Are You Forming or Testing a Hypothesis?

When beginning a research project, one must consider the overall purpose of the initiative. For researchers looking to confirm or test a hypothesis or theory, quantitative data remains the ideal choice. This approach provides researchers with the subjective, numerical results they need to conclude correlational, descriptive, and experimental methods. 

Qualitative research remains best for those looking to form a hypothesis, providing researchers with in-depth insights on concepts, experiences, and thoughts while helping explore and develop new ideas. Seeing that the results are objective, this method remains best suited for researchers looking to understand a topic rather than test or confirm it. 

 Do You Need to Replicate the Study?

Researchers must consider if their study is repeatable when deciding on their approach.

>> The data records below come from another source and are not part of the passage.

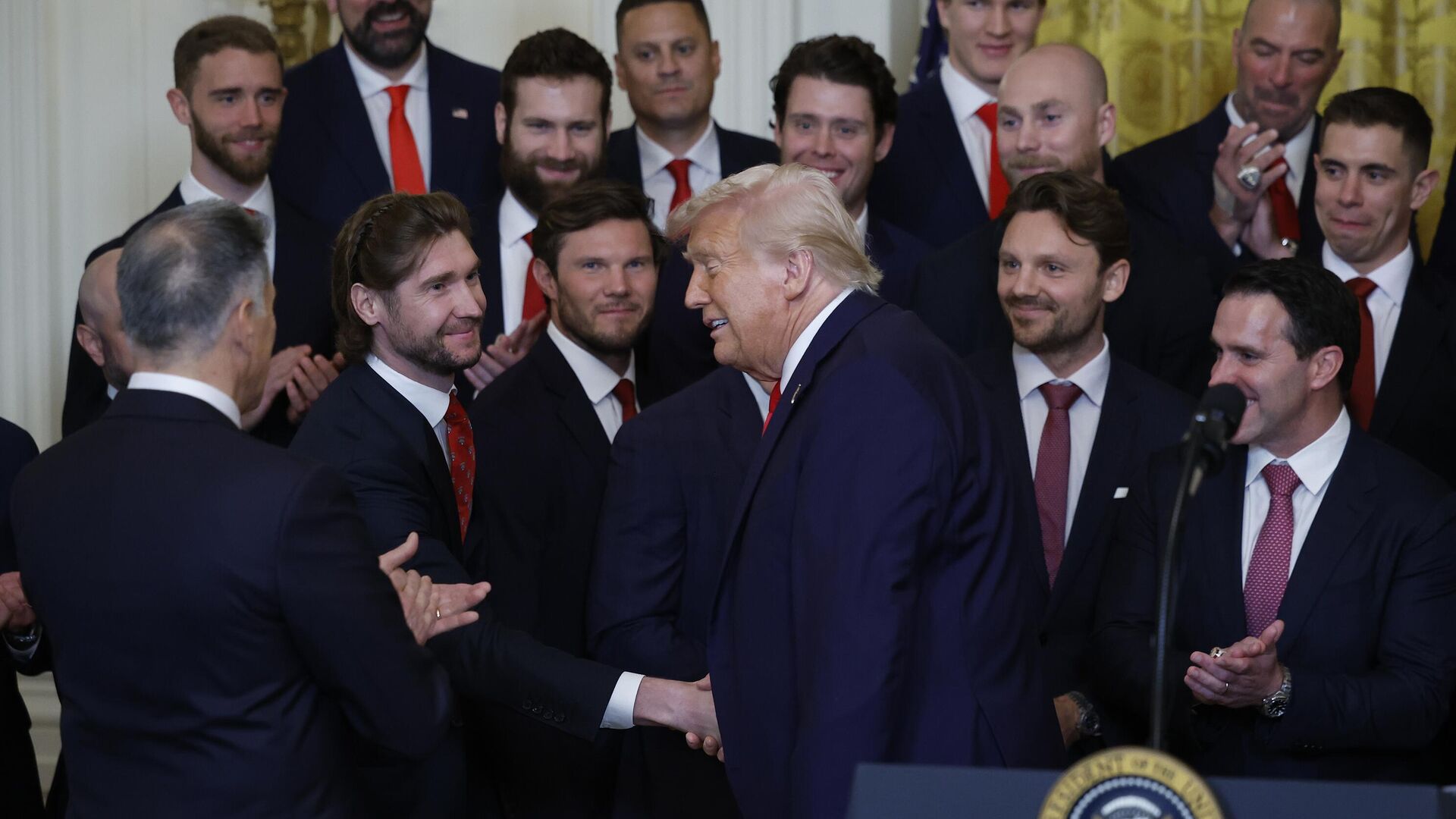 В ходе церемонии президенту США были вручены памятные презенты: золотая клюшка, игровой свитер с номером 47, а также еще один свитер "Пантерз" с номером "45-47", который указывает на то, что Трамп является 45-м и 47-м президентом Штатов. Игроки и хоккеисты "Флориды", что естественно, прибыли на церемонию с именными чемпионскими перстнями, стоимость и ценность каждого из которых зашкаливают, и с самим Кубком Стэнли.
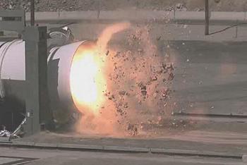 美国SRB固体助推器测试瞬间,该型助推器是目前世界上推力最强的固体燃料助推器
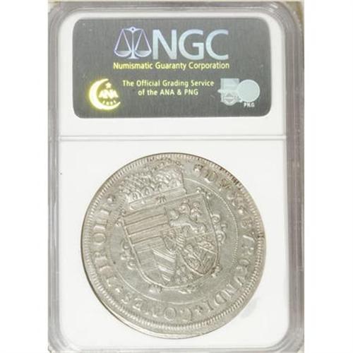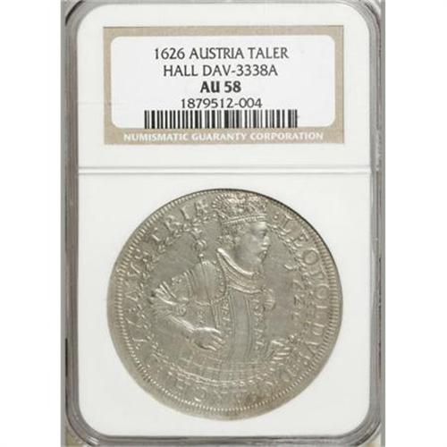 <B>Archduke Leopold Taler 1626, Hall mint,</B></I> D-3338, KM-629.2, AU58 NGC. Sharply struck with considerable remaining luster and no apparent flaws.<BR><BR><b>Shipping:</b> Coins & Currency (<a target="_blank" href="http://www.heritageauctions.com/common/shipping.php">view shipping information</a>)
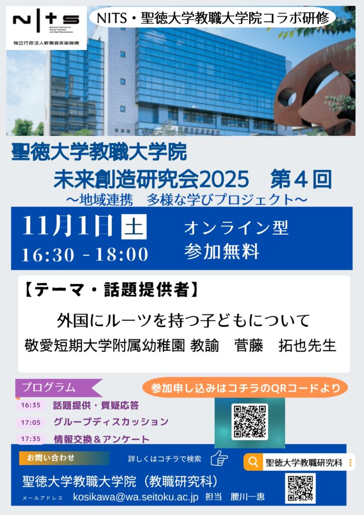 NITS・聖徳大学教職大学院コラボ研修「未来創造研究会2025」第4回研究会のお知らせ
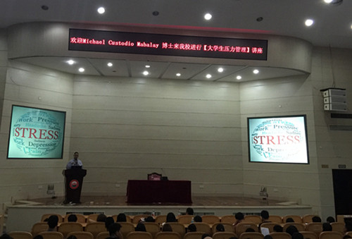 5月19日下午,MICHAEL CUSTODIO MABALAY博士在大成厅的讲座主题为“大学生压力管理”。他为学生们分析了压力的种类和表现形式,讲授了很多管理压力的方法。
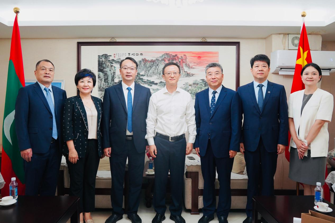 会前,中方理事会成员集体拜会了中国驻马尔代夫大使孔宪华。孔宪华系统介绍了马尔代夫国情及当前重点推进的基础设施建设和数字化转型计划,指出其为中马教育合作带来新机遇。他充分肯定了汉语中心在促进中马文化教育交流方面取得的成果,并期望中心持续扩大中文教育覆盖面,推进“中文+职业”特色发展路径,推动中文教育与职业技能培训深度融合,为马尔代夫培养更多本地化专业人才。
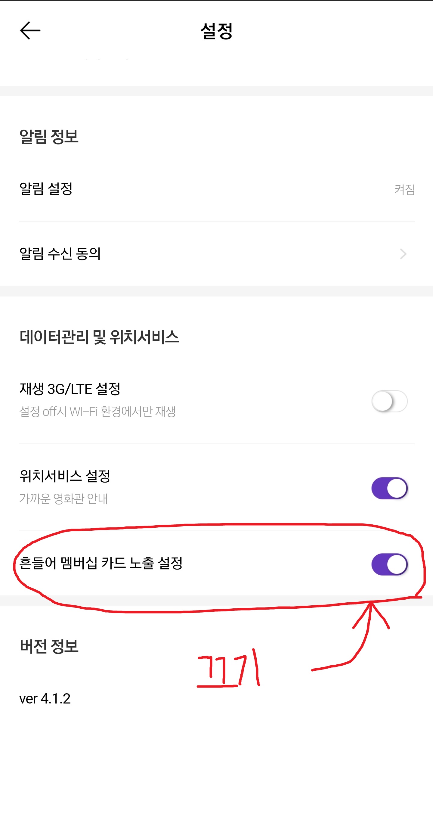 이러면 메가박스 앱 실행시 흔들거나, 조금만 움직여도 멤버십 카드 창이 뜨지 않습니다.
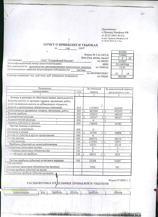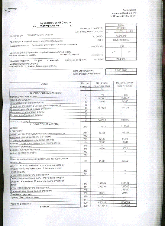 бальзам» в г. Уссурийске с позиций финансового менеджмента.
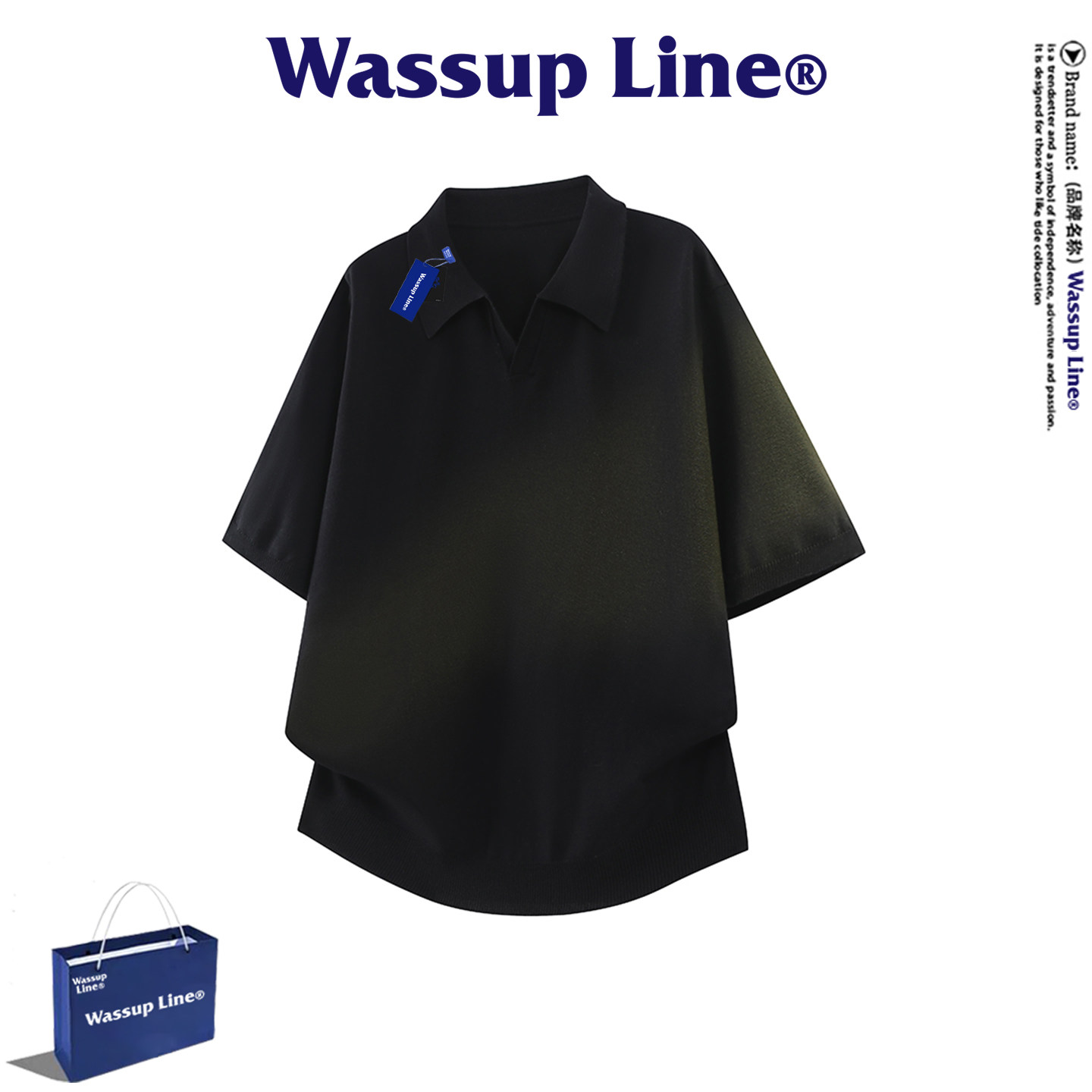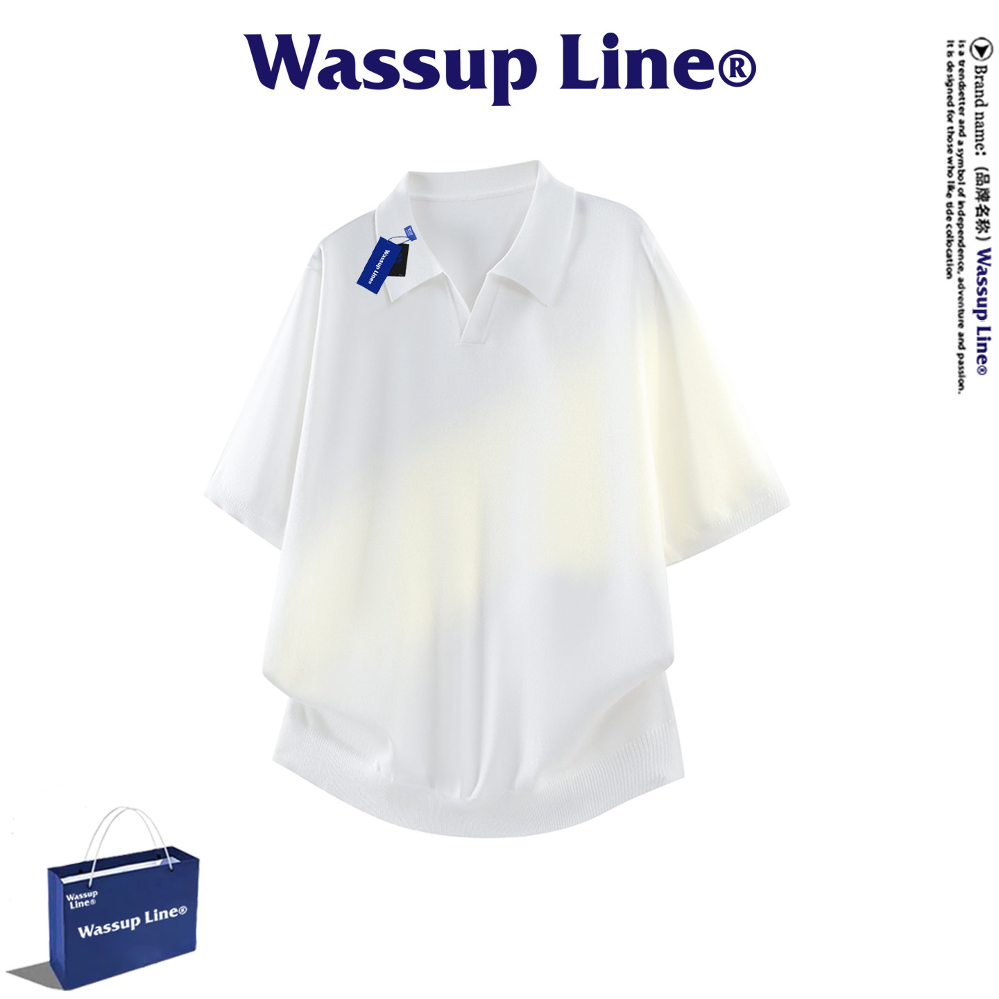 --------------------- WASSUP Line潮牌休闲短袖T恤男夏季潮流百搭宽松透气针织翻领上衣 【原售价】398元 【现售价】77.4元 【推荐理由】
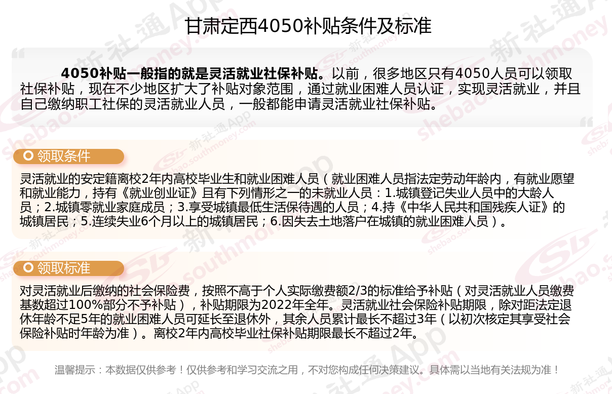 一、甘肃定西4050社保补贴标准是什么?附条件
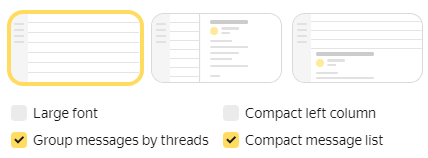 By default, Yandex Mail uses a two-panel interface. The message preview is displayed on a separate page to the right from the list of folders. You can also view a message in a list of messages, which will make it appear over the list.

Quantitative research allows for replication, as data collection standardized protocols make it easy to track numerical data over time. On the other hand, qualitative data is unreplicable, as insights are created through the researcher’s interpretation, invalidating the conclusions of other research professionals.  

How Much Does the Setting Affect Your Research Initiative? 

The overall results of a study may be influenced by its setting, making it crucial for researchers to pick the best possible approach for their overall research objectives. Quantitative research often disregards context, taking place in unnatural settings that may deter respondents from providing accurate information. On the other hand, qualitative research takes place in a naturalistic setting with a real-world context. Despite this, uncontrollable stimuli in the environment make it difficult to draw definite conclusions, leading to unreliable results.